Гусеница qua[1] гусеница умирает – ее останки пребывают в гробу-коконе – в урочный час кокон трескается, открывается гробница – слабое создание вылезает на свет Божий, расправляет крылышки и – наконец – взлетает.
Вот чего хотел бы я для человека.
Но человек – существо трагически-двойственное; земля и небо борются в нем: отец-небо зовет к себе, а праматерь-земля не отпускает.
Есть люди земли – подобно свиньям глядят они вниз, в свое корыто, подобно козлам входят в раж от похоти. В этом нет вины – такова их природа: плоть главенствует в них; и по-своему они счастливы. Их счастье похоже на теплый, уютный и вонючий хлев.
Есть люди неба – единицы, избранные, ученые, философы – подобно облакам парят они в недоступной другим вышине. В этом нет заслуги – голос плоти в них слишком слаб. Они тоже счастливы. Их счастье похоже на чистый разреженный воздух в горах.

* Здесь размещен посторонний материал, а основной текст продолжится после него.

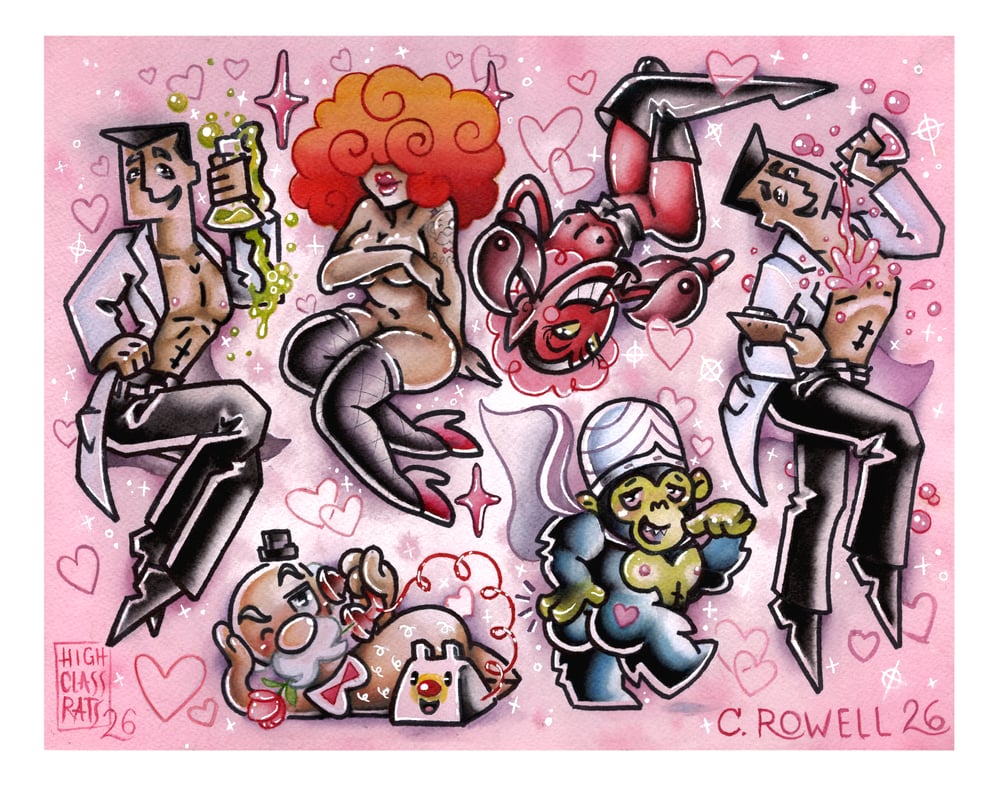 Sexy pinup styled hand-painted flash sheet of some of my favorite droogs from the PowerPuff gangđź’•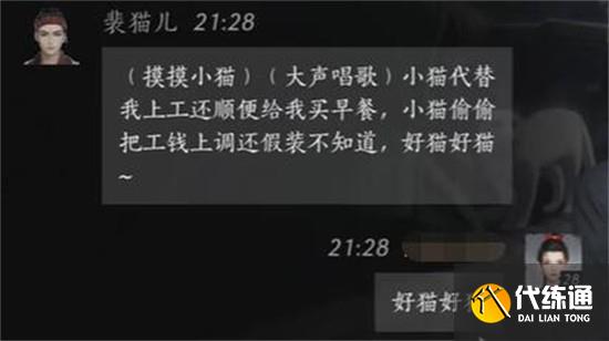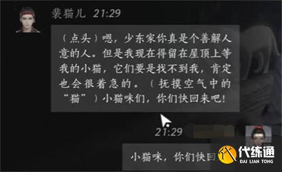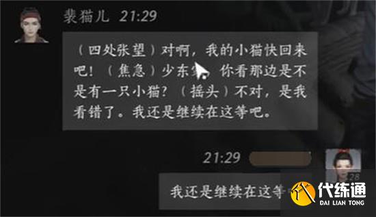 最后一句为“我还是继续在这等吧”,说完后整段对话结束。至此,燕云十六声中关于裴猫儿的全部聊天内容全部解锁。该对话虽短,但结构完整,情感递进清晰,是燕云十六声剧情体验中不可忽视的小片段。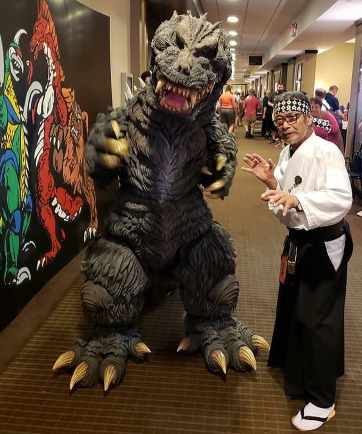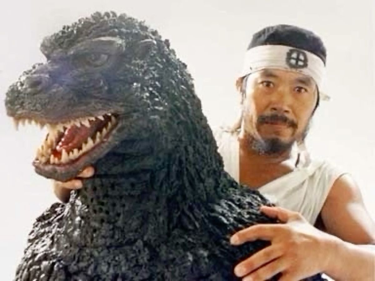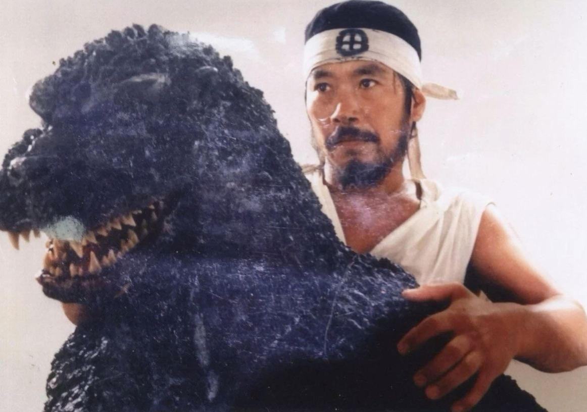 Kenpachiro Satsuma alongside Showa Godzilla suit actor Haruo Nakajima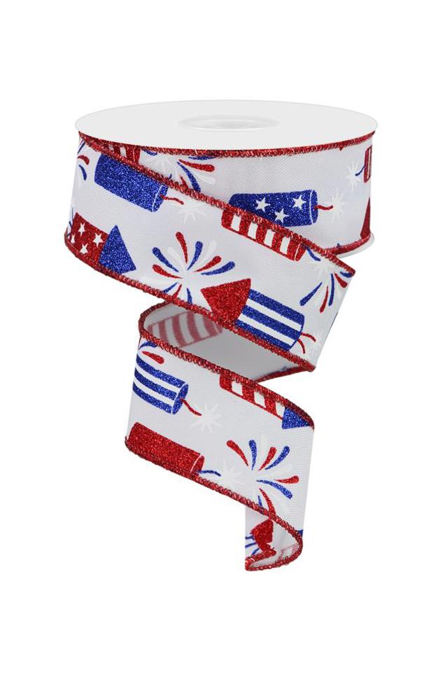 Show off your love for the country and Fourth of July celebrations with this firecrackers on diagonal weave ribbon! As this ribbon includes a wired edge, and an assortment of red, white and blue firecrackers on a white background, it will be a versatile addition to any display you see fit! Consider using this ribbon in a wreath display, paired with a matching sign!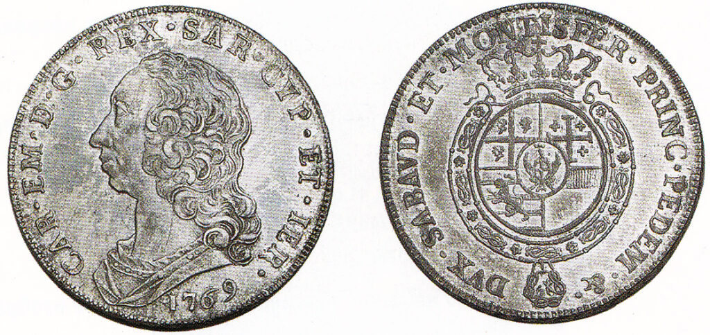 Рис. 4. Скудо Карла-Эммануила III 1769 г., Савойя, герцогство. Серебро, 43,5 мм.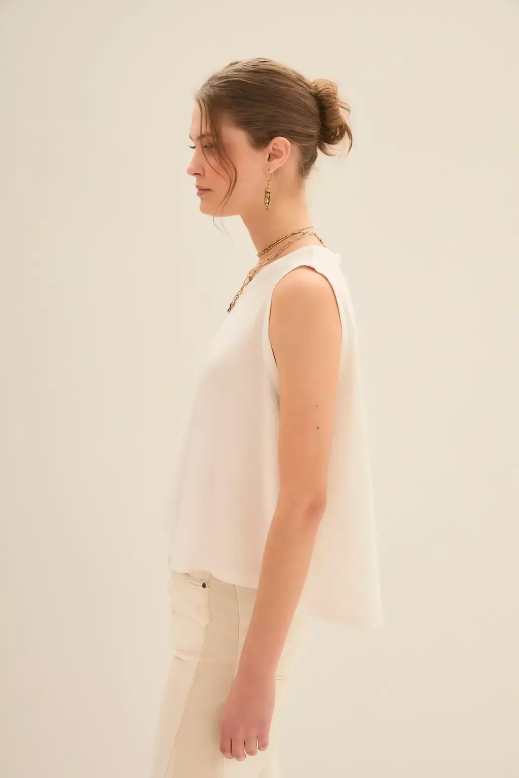 Musculosa básica, de escote cerrado y sisa baja, línea A. Confeccionada en jersey de algodón, suave al tacto. Tiene un calce holgado. En la espada, tiene una medalla marcaria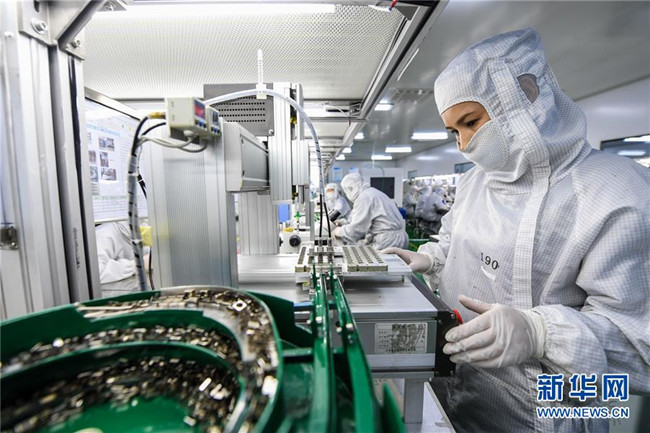 2月23日,在內(nèi)蒙古包頭市江馨微電機(jī)公司的生產(chǎn)線中,工作人員用自動(dòng)擺盤(pán)設(shè)備將部件擺放在組裝工具上。 新華社記者 彭源 攝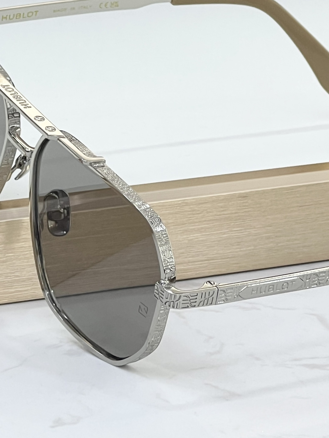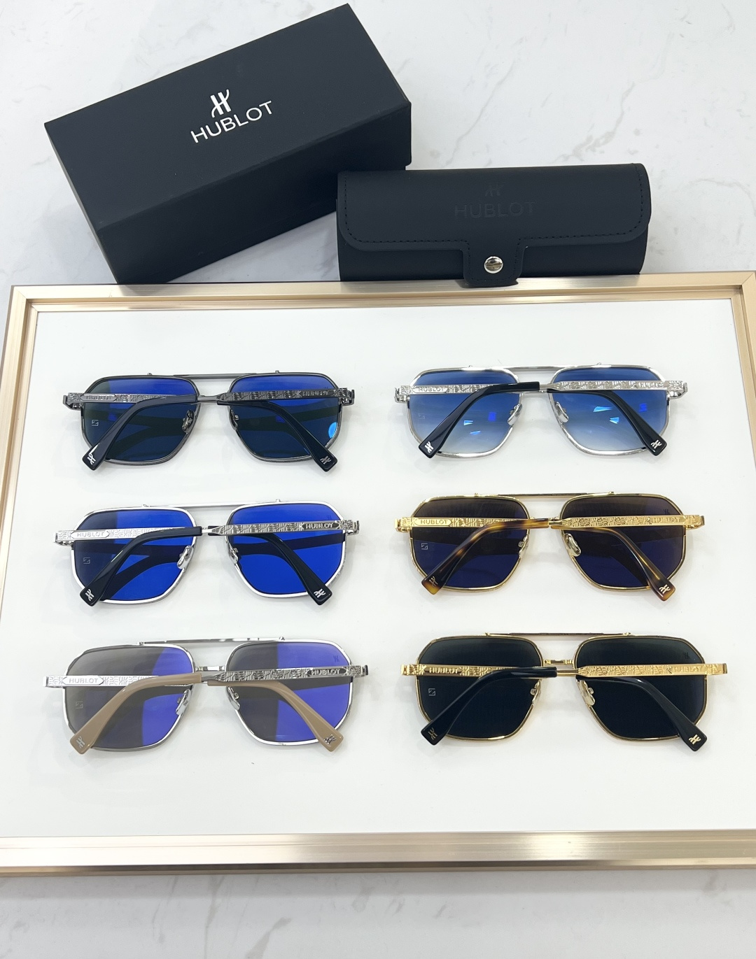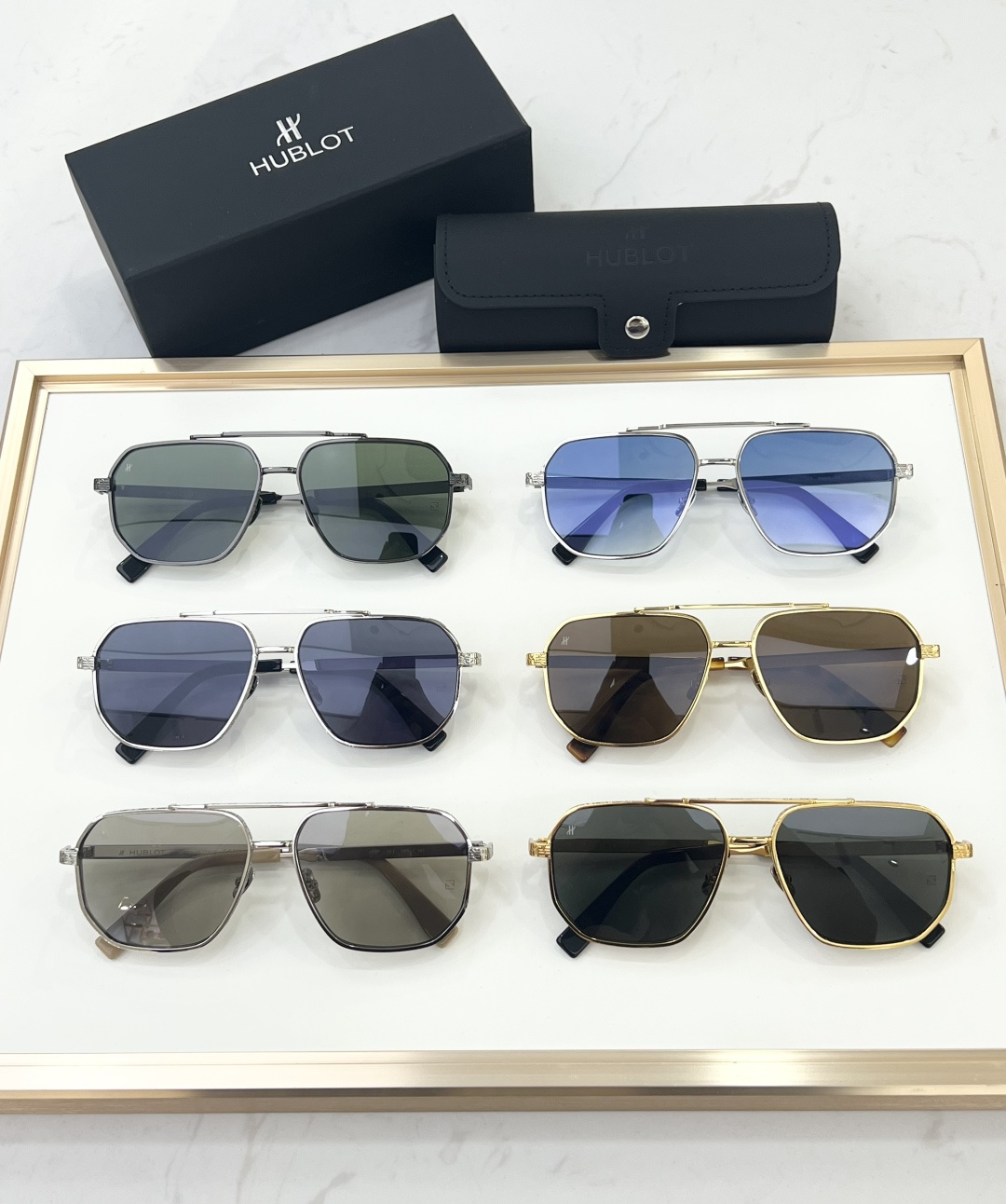 这款太阳眼镜是AAAAA 1:1 质量 (非常棒). 使用了和原版一模一样的材料. 商标部分也保持了和Hublot一样. 图片拍摄是实物太阳眼镜拍摄, 您所收到的实物保证和我们图片一模一样.

И есть все остальные, огромное большинство – те, кто всю жизнь скитается меж небом и землей. Они похожи на листья, несомые ветром, что кружатся, то опускаясь, то взлетая, и наконец – неизменно – падают, становясь перегноем, а значит – землей. Возможно ли счастье для людей-листьев? Разве что, преодолевая законы нашего мира, подняться как можно выше, взлететь хоть на миг, прежде чем сойти в землю.
Всю жизнь дух и плоть боролись во мне, попеременно добиваясь – каждый – кратковременного успеха, но никогда – окончательной победы. И, обрекая себя на добровольное одиночество в доме на берегу моря, я надеюсь изо всех сил, что дух восторжествует. До тех пор, пока не приплывет за мной ладья Харона, я буду бороться – со своей природой, с миром, с богами. Бороться единственным доступным мне способом – моим пером.
Все, что я писал, всегда было на один шаг, на одну ступеньку выше реальности с ее правдой и ложью, ибо художник за суетой обыденного видит вечные символы, а «реализм» есть не что иное, как опошление вечного, оскорбительная карикатура на него.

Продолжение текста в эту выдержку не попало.